These include a full scale digitisation of motoring services at DVLA, a new platform for farm information and agriculture agencies, profound changes to the digital tax products,  digital by default products in the Ministry of Justice and other services from the Land Registry, Student Loans and the Insolvency Service.

Tom Loosemore has selected several of these for further analysis to show the scale of our collective ambition.

The journey to this point started with Martha’s report, and the simple but powerful observation that most interactions with Government are transactional, and it’s at that point where users are repeatedly failed by the state.

This failure to transact creates huge duplication inside Government – the cost of this failure waste is astonishing. It also wastes our users’ time and money, and detracts from their trust in Government generally.

While high-profile policy lapses are occasionally pointed at as examples of how users trust in Government is being damaged, I believe the repeated failure to complete transactions quickly and easily causes sedimentary layers of distrust.

In early 2011 it was simply not possible to start with transactional reform.

Firstly we had to create a digital estate at the heart of Government, then show we could run a cross Government platform. GOV.UK, and the way it was created (agile, with policy and technology specialists working together) created the trust in departments that transactions could be reformed digitally.

The savings from GOV.UK and our ability to create new transactional services for the Ministry of Justice, HMRC, Cabinet Office and for general users such as e-petitions demonstrated that transactions could now be created in a fraction of the time, and at a fraction of the cost than that need to produce the documentation required to procure ‘large IT’ versions of the same product.

It was vital that the strategies were both a commitment made in the Budget in April and the Civil Service Reform Plan in June. And underpinning all of this was having a shared estimation of the size of the prize. Publishing the number and type of transactions, their volume and the potential efficiency savings was the final piece of the puzzle.

All these steps, however painful at the time, have raised the belief inside a deeply risk-averse system that profound change is both possible and desirable, both for users and for those administering the public finances.

While this is a huge journey of trust and belief inside Government, we must not forget that we serve everyone, so today we’ve also published the government’s approach to assisted digital giving more detail on how we will make sure those who can’t access digital services are not excluded. Rebecca Kemp, Mark McLeod and Lena Casey from GDS (as well as Felicity Singleton before them) and staff from across departments deserve special praise.

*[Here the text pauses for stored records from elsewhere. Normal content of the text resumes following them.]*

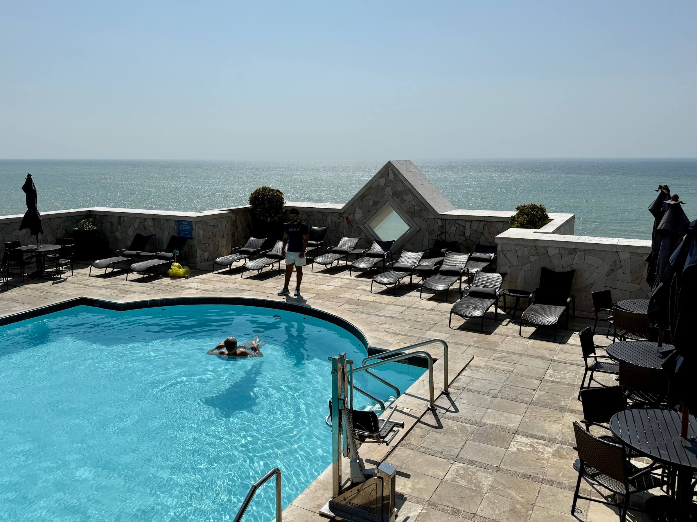 O hotel conta ainda com academia, spa e uma piscina no terraço. Ela não é muito grande, mas tem uma vista interessante. A área tem parapeitos mais altos, mas mesmo assim, pode ter bastante vento. O lobby é bonito, tem um bar com vista parcial para a praia. E volta e meia tem um pianista tocando por ali, ou outro músico com uma pegada mais clássica.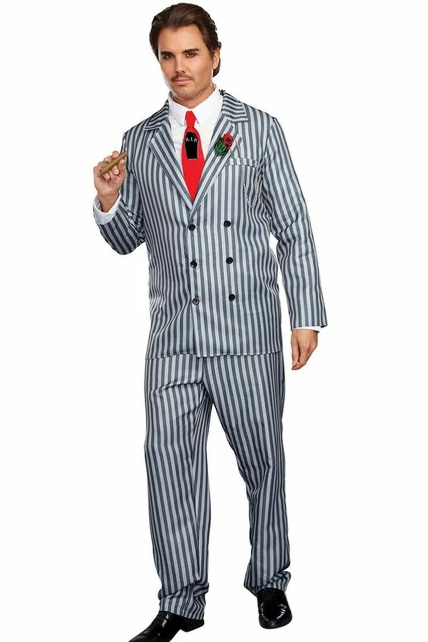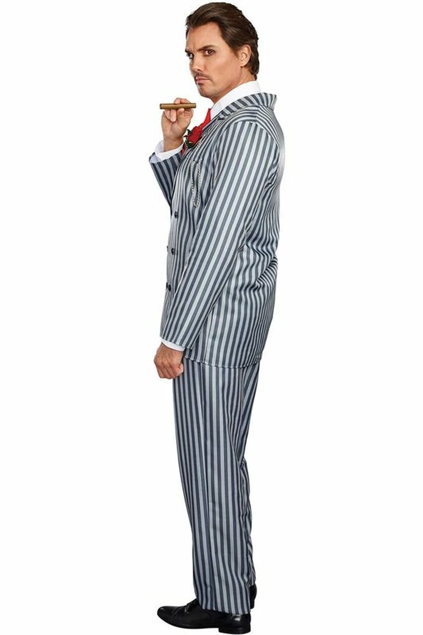 This Mr. Fright costume features a jacket with an attached boutonniere, a dickey with an attached tie and matching pants.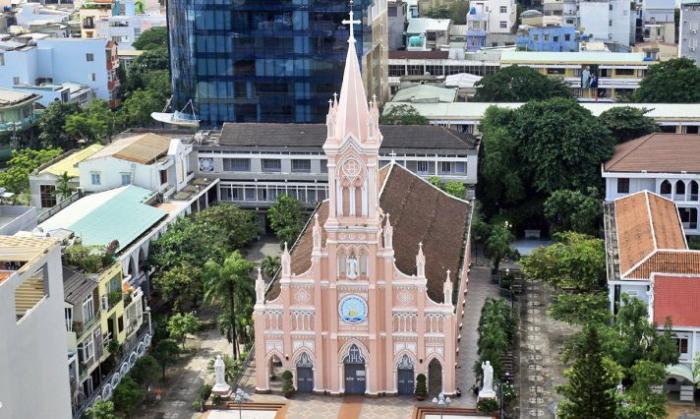 峴港主教座堂是越南最獨特的天主教教堂之一,其特色是粉紅色的教堂正面,彩色玻璃窗以及氣勢磅礴的鐘樓,上面裝有公雞風標。它是由法國人於1923年建造的,也稱為Con Ga教堂(公雞教堂),至今仍為當地的天主教社群服務。大教堂位於陳富街(Tran Phu Street)上,距離標誌性的龍橋(Dragon Bridge)約15分鐘步行路程。峴港主教座堂是免費的,其高塔可欣賞城市,漢江和翠綠的山脈的壯麗景色。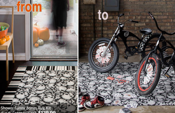 Martha Stewart have joined Flor, the maker of the coolest tile rug system, for Halloween. Arachnophobia is a spider Web pattern available in two colors. Opt for the more sophisticated Raven and Ash color. Having 9 tiles of spider web feels a little redundant. You will achieve better results if you match solid and patterned tiles to create your own unique design.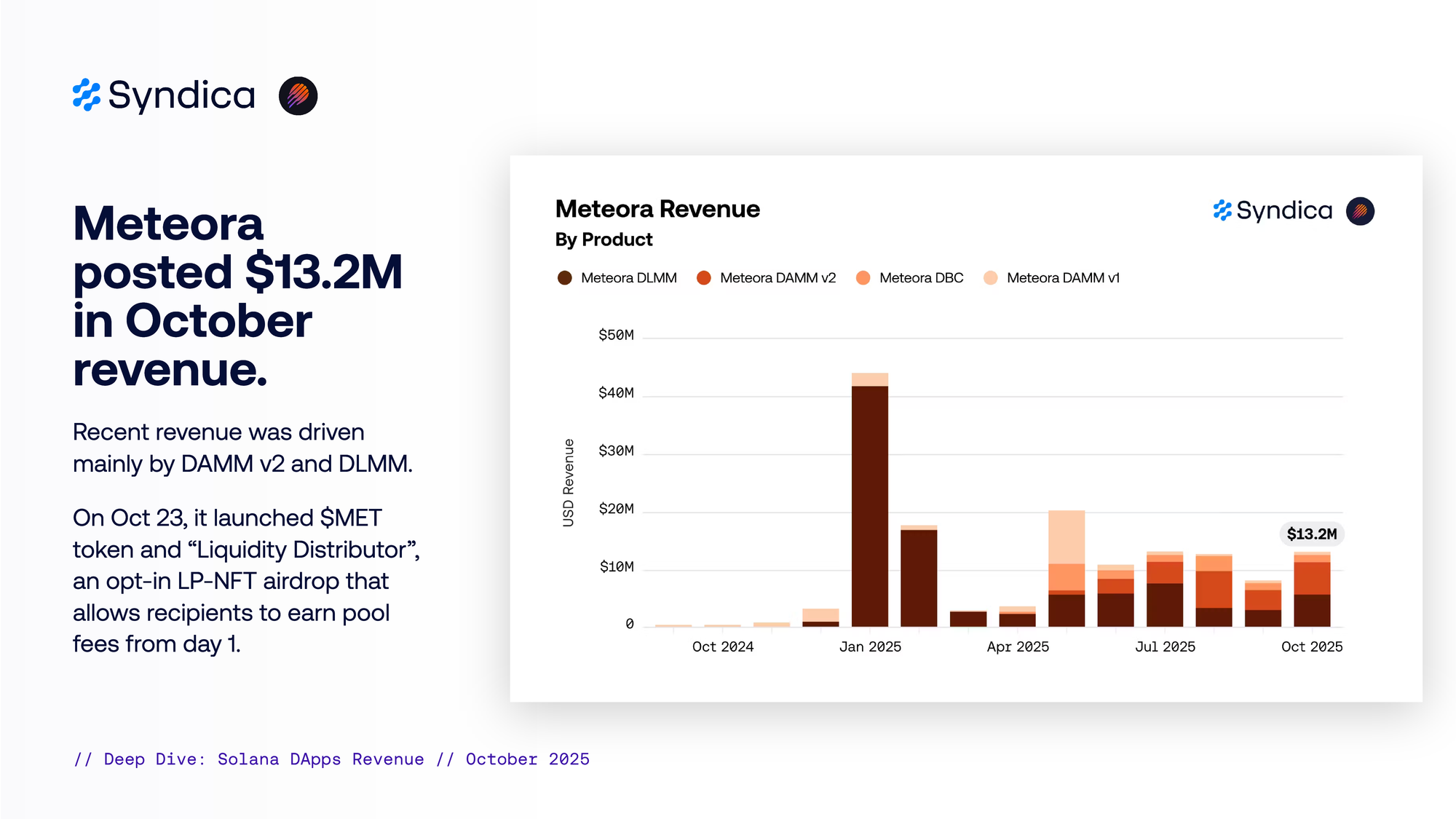 Meteora posted $13.2M in October revenue. Recent revenue was driven mainly by DAMM v2 and DLMM. On Oct 23, it launched $MET token and “Liquidity Distributor”, an opt-in LP-NFT airdrop that allows recipients to earn pool fees from day 1.
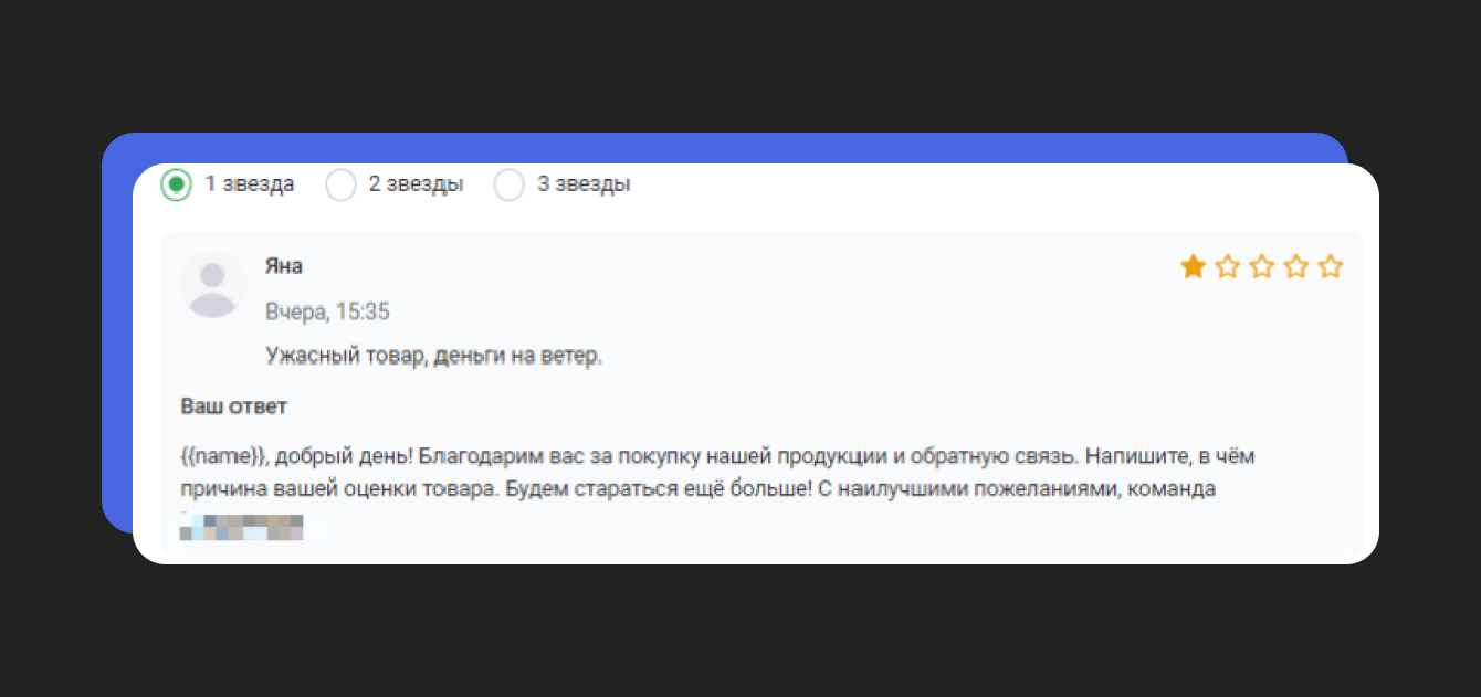 Для ускорения работы мы составили шаблоны для ответов на отзывы без текста и подключили автоответы:

The process of drafting and agreeing such profound changes is never easy. I’d like to take the opportunity to pay tribute to everyone involved across Whitehall, and in particular the Digital Leaders who lead the process in each department and set the standard for collaboration and mutual support. Time and again they have pushed their own departments and agencies, often delivering some difficult challenges and uncomfortable messages to their colleagues. They are the embodiment of cross-government collaboration.

Our Digital Advisory Board has been hugely influential in helping raise the ambition level. Through a combination of personal appearances, working with key departmental leaders and even Ministers, hosting the Digital Leaders and generally adding support at each and every turn, they have been magnificent. Special mention among them to Kip Meek, who gave much of his valuable time to set the course for the digital strategy creation. Rarely can something so complex be made so simple, and to have strategic thinking of that quality on hand is invaluable.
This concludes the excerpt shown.